Trois jours d’échanges intenses à Abidjan ont marqué un tournant : l’Afrique ne veut plus subir les mutations géopolitiques, mais les anticiper pour en faire des atouts. La Conférence économique africaine 2026, co-organisée par la Banque africaine de développement (BAD), le Programme des Nations unies pour le développement (PNUD) et l’Organisation de coopération et de développement économiques (OCDE), a révélé une volonté collective de repenser le développement du continent.
Les participants, issus des sphères économique, politique et institutionnelle, ont convergé vers une idée force : l’Afrique doit désormais dicter sa propre route plutôt que de s’adapter aux aléas extérieurs. « Les défis ne manquent pas, mais notre résilience et notre créativité sont nos meilleurs atouts », a souligné un économiste présent lors des débats.
De la vulnérabilité à la souveraineté économique
Raymond Gilpin, économiste en chef du Bureau régional du PNUD pour l’Afrique, a rappelé que les crises mondiales, bien que réelles, ne doivent pas occulter la capacité du continent à rebondir. « Les tempêtes économiques ne pourront jamais effacer la richesse humaine et la détermination des Africains », a-t-il déclaré.
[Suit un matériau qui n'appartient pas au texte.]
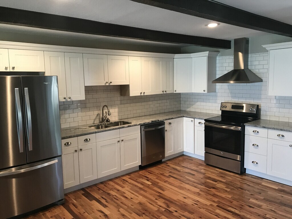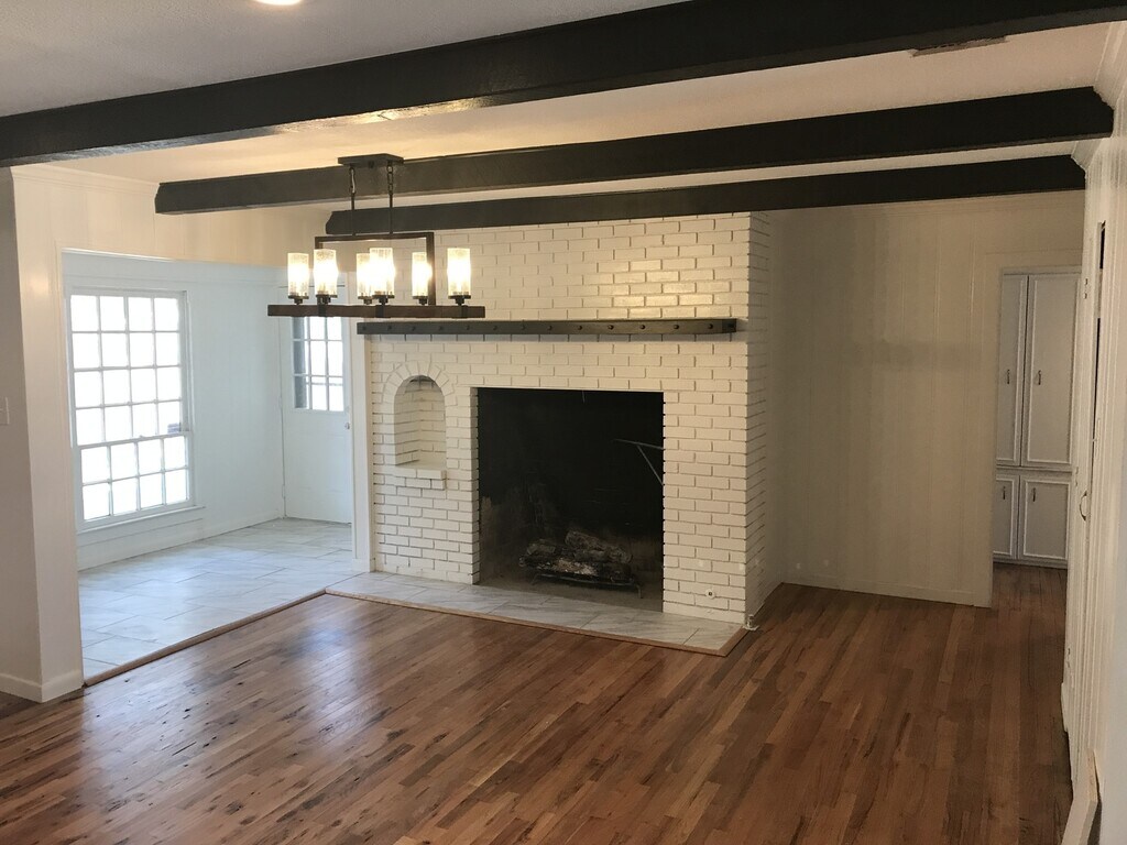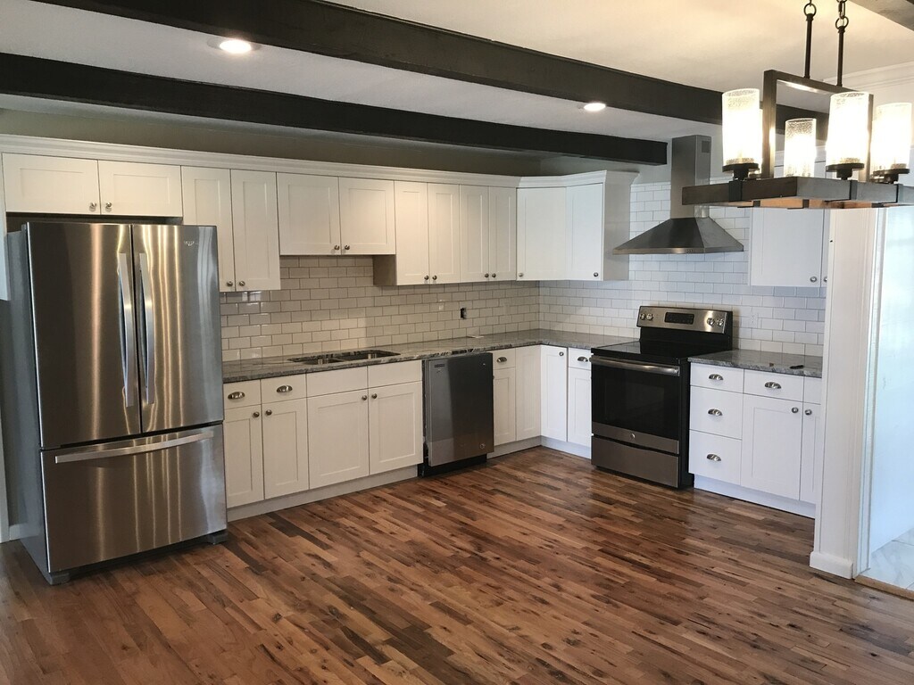 Gorgeous kitchen with hardwood floors and a fireplace. This spacious 4 bed 2 bath home has hardwood floors throughout! Large bedrooms, new tile and double vanities in the bathrooms. New cabinets and granite kitchen counters. Enclosed laundry room. All stainless appliances included, all maintenance included. Available to pre-lease for this fall!
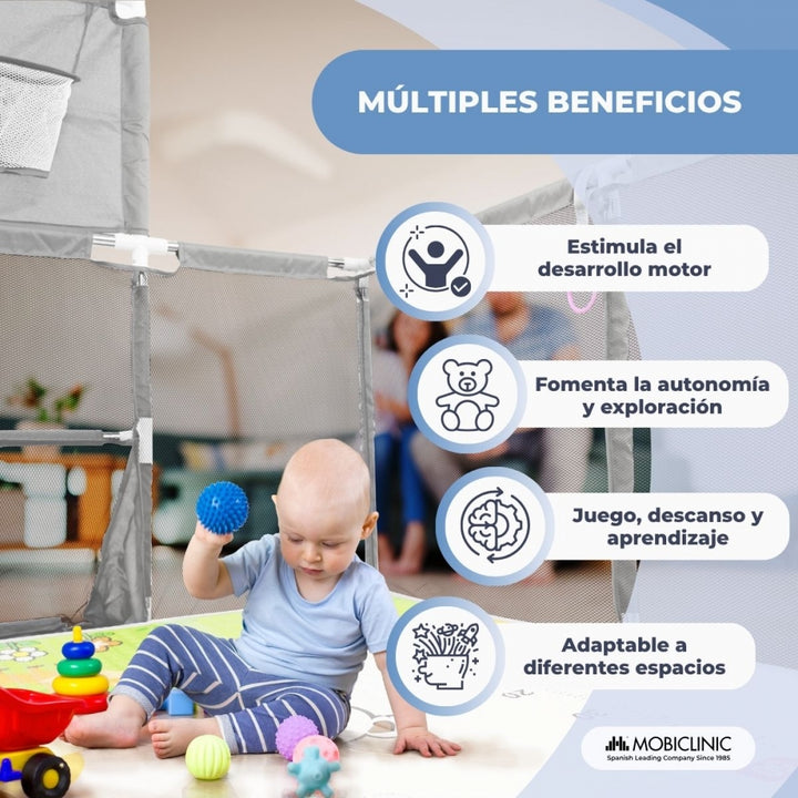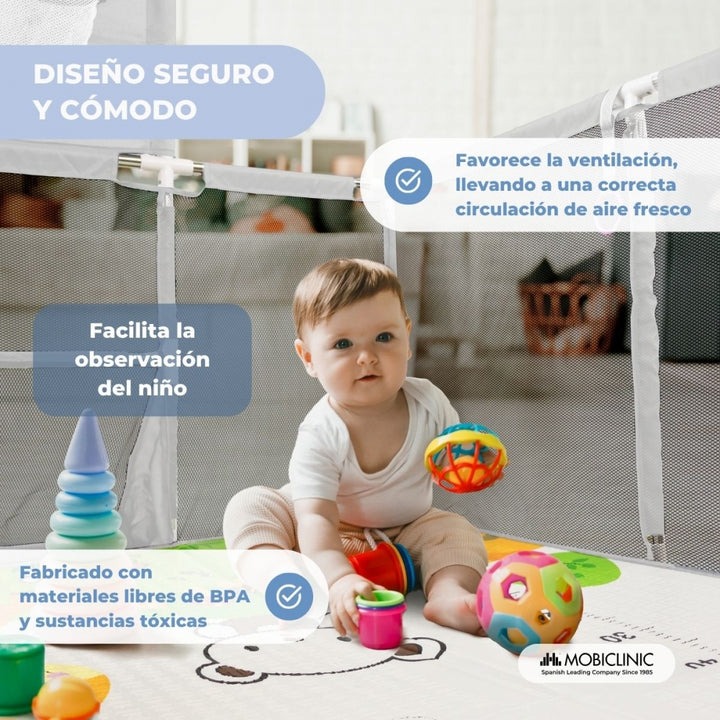 Per favorire l'indipendenza e la coordinazione dei più piccoli, il box è dotato di quattro anelli di sicurezza progettati per aiutarli a imparare a stare in piedi in modo graduale e sicuro. Le pareti in rete traspirante permettono ai genitori di monitorare il bambino in ogni momento e garantiscono anche una ventilazione costante.

L’enjeu ? Transformer les contraintes en leviers de croissance, en accélérant les réformes et en renforçant les partenariats stratégiques.
Cette édition de la conférence a ainsi mis en lumière une nouvelle approche : passer de la résistance à l’opportunité. L’Afrique ne cherche plus à se protéger des bouleversements, mais à en faire des accélérateurs de son intégration économique et de son influence mondiale.
Repenser les politiques pour un monde interconnecté
Ida McDonnell, conseillère principale à l’OCDE, a insisté sur la nécessité de rompre avec les analyses cloisonnées. « Les enjeux du commerce, de la dette, du climat ou des finances publiques sont désormais indissociables », a-t-elle expliqué. Une vision intégrée, reposant sur une meilleure circulation des données et des savoirs, est devenue indispensable pour éclairer les décisions publiques.
Cette approche reflète une réalité : les crises actuelles (énergétiques, financières, climatiques) ont des répercussions en cascade, exigeant des réponses coordonnées et adaptées.
Des mots aux actes : l’impératif de mise en œuvre
Marie-Laure Akin Olugbade, vice-présidente principale du Groupe de la BAD, a souligné l’urgence de concrétiser les discussions. « Les recommandations issues d’Abidjan doivent désormais inspirer les politiques publiques et les partenariats de développement », a-t-elle affirmé. Le défi ? Agir malgré des marges budgétaires restreintes et une concurrence mondiale accrue.
Pour elle, cette conférence est une étape, mais le vrai test réside dans la capacité à transformer les promesses en actions, notamment en renforçant la résilience commerciale et la souveraineté des États africains.
L’Afrique, acteur clé d’une économie mondiale multipolaire
Ahunna Eziakonwa, sous-secrétaire générale des Nations unies et directrice du Bureau régional du PNUD pour l’Afrique, a rappelé que le véritable enjeu dépasse les déclarations. L’Afrique doit lever les freins au commerce intracontinental, investir dans l’innovation et préparer sa jeunesse à une économie en pleine mutation.
Son message est clair : « Dans un monde où les alliances se redessinent, notre force réside dans notre capacité à créer de la valeur, à financer notre développement et à défendre nos intérêts. » Une souveraineté économique qui ne passe ni par l’alignement sur une puissance étrangère, ni par l’isolement, mais par une stratégie autonome et ambitieuse.
Abidjan, symbole d’une nouvelle ambition
Cette édition 2026 a également été marquée par le lancement du Réseau africain des économistes en chef (ACE Network), une initiative visant à renforcer la coordination des politiques économiques sur le continent. Les débats ont évolué : plus question de besoins à combler, mais de capacité à influencer les règles du jeu économique mondial.
Dans un contexte international bouleversé, les organisateurs voient en cette conférence une opportunité historique. Reste à traduire cette ambition en politiques concrètes, investissements ciblés et résultats mesurables. C’est à cette condition que l’Afrique pourra s’imposer comme un acteur incontournable, plus souverain, plus résilient et plus influent.